Your task |
Starting at the line below that contains "Schematic representation of" and ending at the line that contains "It was a day", retype each line exactly as it stands, but omit the pictures.

══ Data section ══

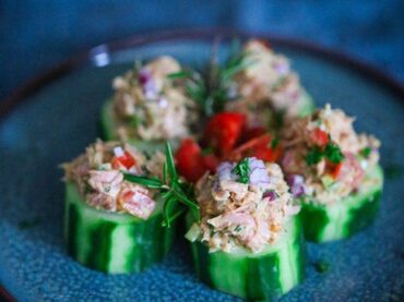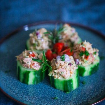 - Рулетики из огурца с начинкой из феты и вяленых помидоров
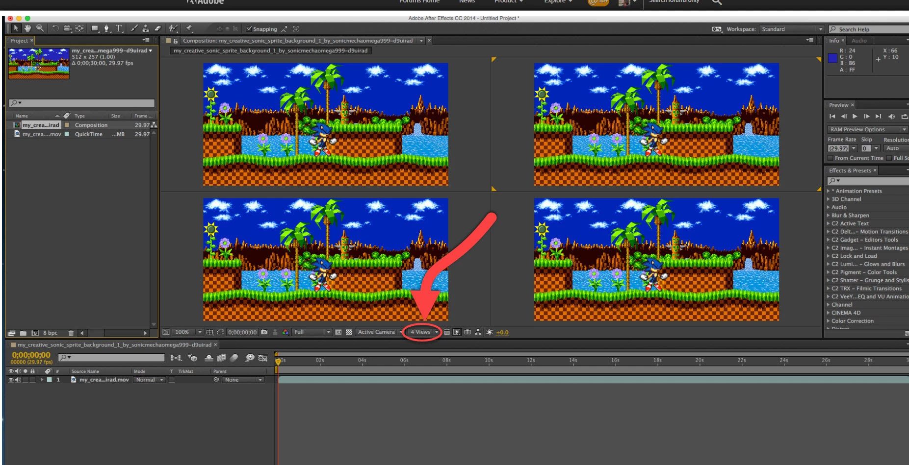 After effects has four screens what do I do please help!
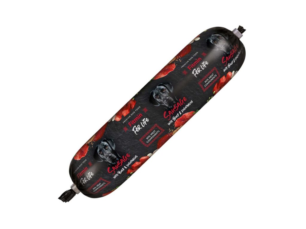 Саламът за кучета Fitmin for Life е стерилизиран продукт, произведен изключително от естествени съставки. Саламът за кучета Fitmin for Life не съдържа консерванти, изкуствени аромати, оцветители, ГМО или глутен. Добавените пресни зеленчуци и ленено семе доставят на кучето ценни минерали и витамини, омега 3 ненаситени киселини и влакнини, наред с всичко останало. Морковите съдържат каротин, който е полезен за зрението, косата и кожата. Естественият колаген от хрущяла спомага за здрави стави и по-добро качество на козината. Саламът за кучета Fitmin for Life не съдържа зърнени култури, което въздейства благоприятно върху храносмилането и усвояването на храната. Редовното и балансирано хранене укрепва имунитета и подобрява цялостното здраве на кучето.
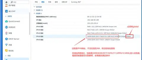 移动个人用户想要拿到公网IP几乎不可能,于是只能考虑使用ipv6地址妥协。因为目前移动为了推广一些监控设备以及某些厂家的个人云,基本所有用户都有ipv6网络,可以通过网址进行测试。光猫会自动分配一个ipv6的端口号,通过光猫或者群晖的管理页面即可得知。只要用流量直连此ipv6地址能进入群晖系统,就说明没有问题了。
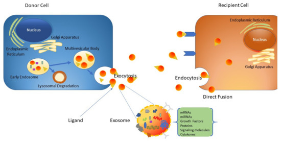 Schematic representation of exosome generation, secretion, and cargo transfer from the donor cells to the recipient cells.
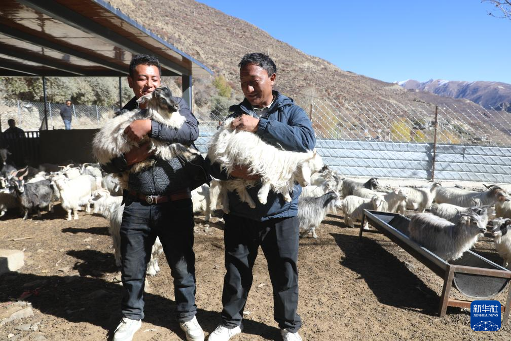 村民在扎嘎新村养殖合作社。新华社发(侯勇 摄)
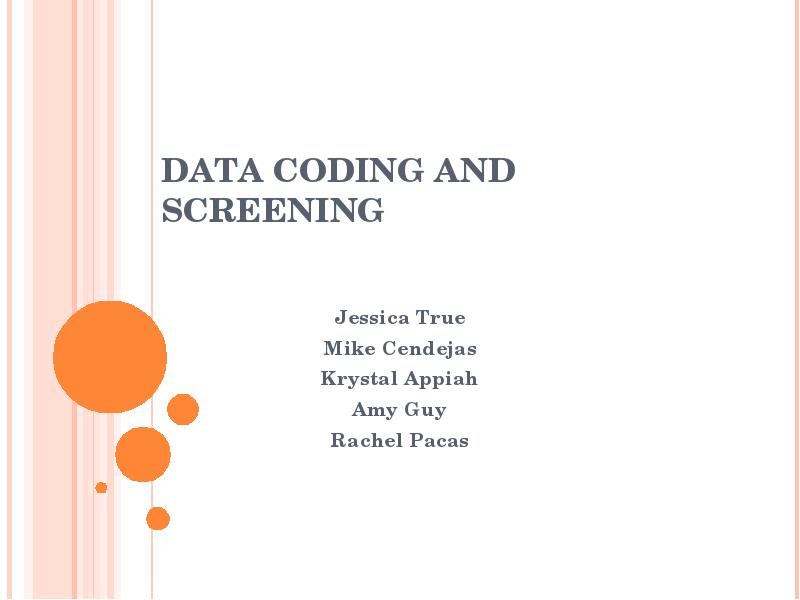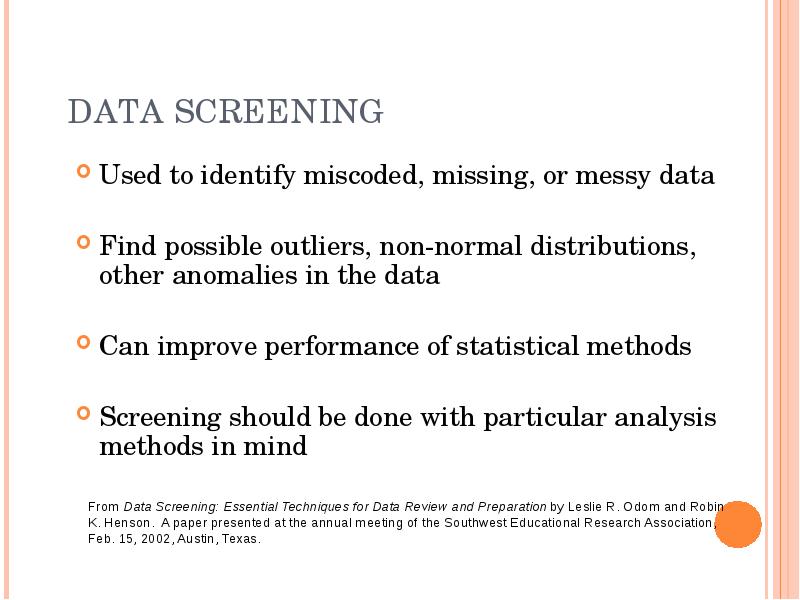 - 7. DATA SCREENING Used to identify miscoded, missing, or messy data Find
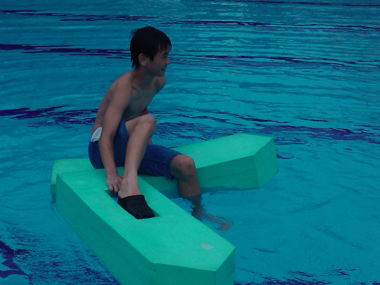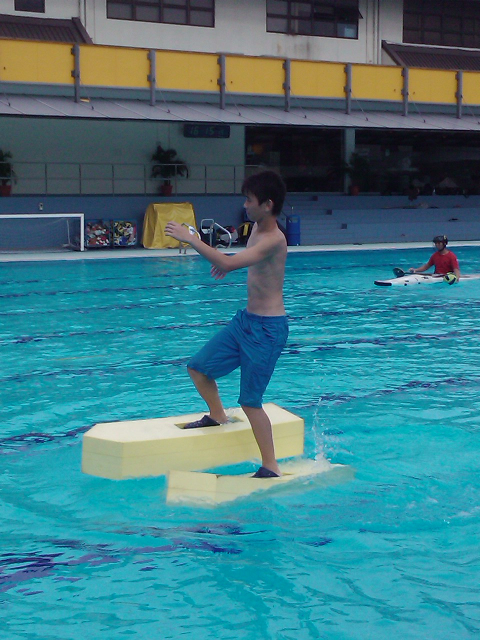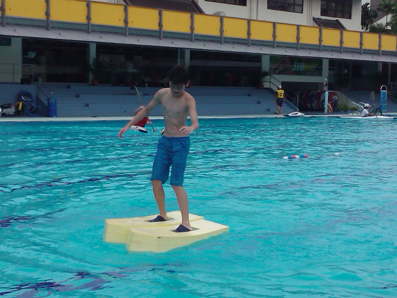 It was a day of fun and laughter for the boys from 2E3, Chow Siang Yong and Stanley Sia, who were selected by Mr. Roland Tan to participate in this year's Walk-on-Water competition. Together with Clinston Wang Kuan Jie, the boys will be competing on the 27th of June, during the 2010 Singapore International Water Festival, which will be held at Marina Barrage.The boys put in a lot of effort to learn how to apply Physics principles to the sport, like squatting down to keep their centres of gravity low when they are falling, and to avoid wasting energy in lifting the water shoes out of the water due to the surface tension of the liquid, but to slide the shoes on the water surface instead. It was a very innovative way for the students to learn about science in the wet way!
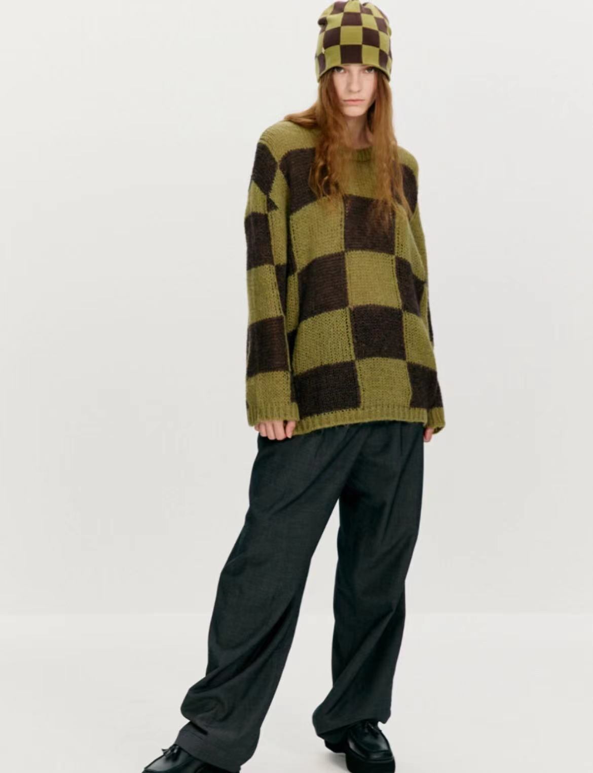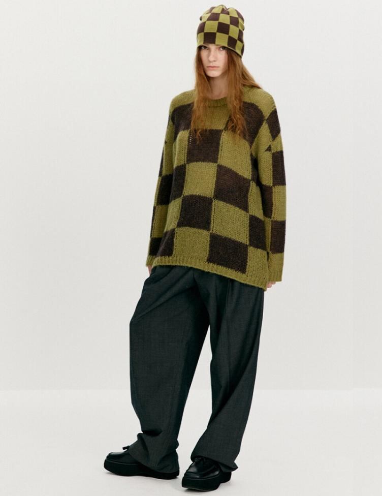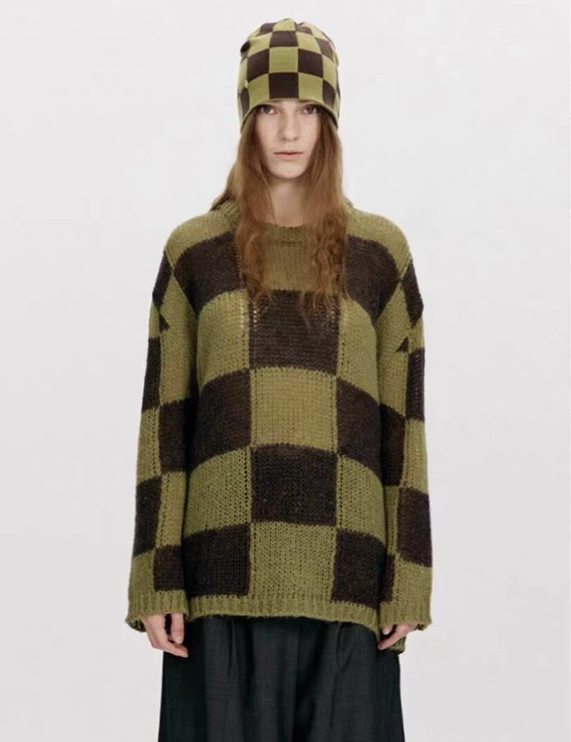 韓国 OPEN YY オープンワイワイ レディースファッション 透かし編み チェック柄ニットプルオーバ セーター Wool Blend Checker Board Sweater グリーン
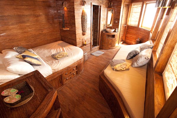 Arenui can accomodate 18 passengers in 9 cabins:
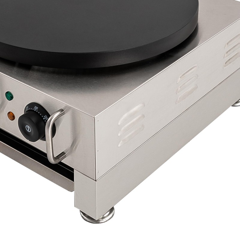 - [Excellent Performance] Small pancake maker large flat stove surface of 15.75in diameter, 2.8KW power, and wraparound heating element allow it to heat quickly and evenly, so you can make one large crepe, or cook several smaller crepes at the same time. And the non-stick coating on the surface prevents the batter from sticking to the pan, keeping the integrity of the pancake for you to enjoy delicious pancakes
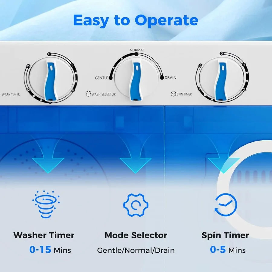 Portable Washing Machine 17.6lbs Compact Washer Spinner Combo with Pump Drain for Apartment RV Dorm College Twin Tub Design wit
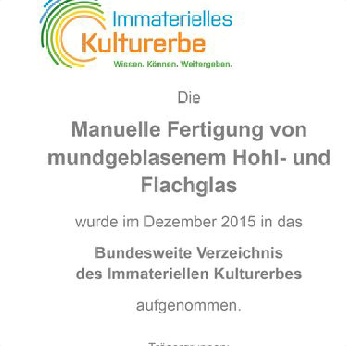 Das Expertenkomitee Immaterielles Kulturerbe bei der Deutschen UNESCO-Kommission hat die „manuelle Glasfertigung“ als Immaterielles Kulturerbe auf nationaler Ebene bewertet. Ein unabhängiges Expertenkomitee folgte der Argumentation der Bewerber, das implizite Wissen der händischen Glasherstellung durch Praxis, Vernetzung, Dokumentation und Weiterentwicklung für die Zukunft zu bewahren. Als Antragsteller freuen wir uns sehr darüber und die Aufnahme in das bundesweite Verzeichnis ist für die gesamte Glas-Community in Deutschland eine große Anerkennung.

═══

Result |
 Schematic representation of exosome generation, secretion, and cargo transfer from the donor cells to the recipient cells.
 村民在扎嘎新村养殖合作社。新华社发(侯勇 摄)
 - 7. DATA SCREENING Used to identify miscoded, missing, or messy data Find
 It was a day of fun and laughter for the boys from 2E3, Chow Siang Yong and Stanley Sia, who were selected by Mr. Roland Tan to participate in this year's Walk-on-Water competition. Together with Clinston Wang Kuan Jie, the boys will be competing on the 27th of June, during the 2010 Singapore International Water Festival, which will be held at Marina Barrage.The boys put in a lot of effort to learn how to apply Physics principles to the sport, like squatting down to keep their centres of gravity low when they are falling, and to avoid wasting energy in lifting the water shoes out of the water due to the surface tension of the liquid, but to slide the shoes on the water surface instead. It was a very innovative way for the students to learn about science in the wet way!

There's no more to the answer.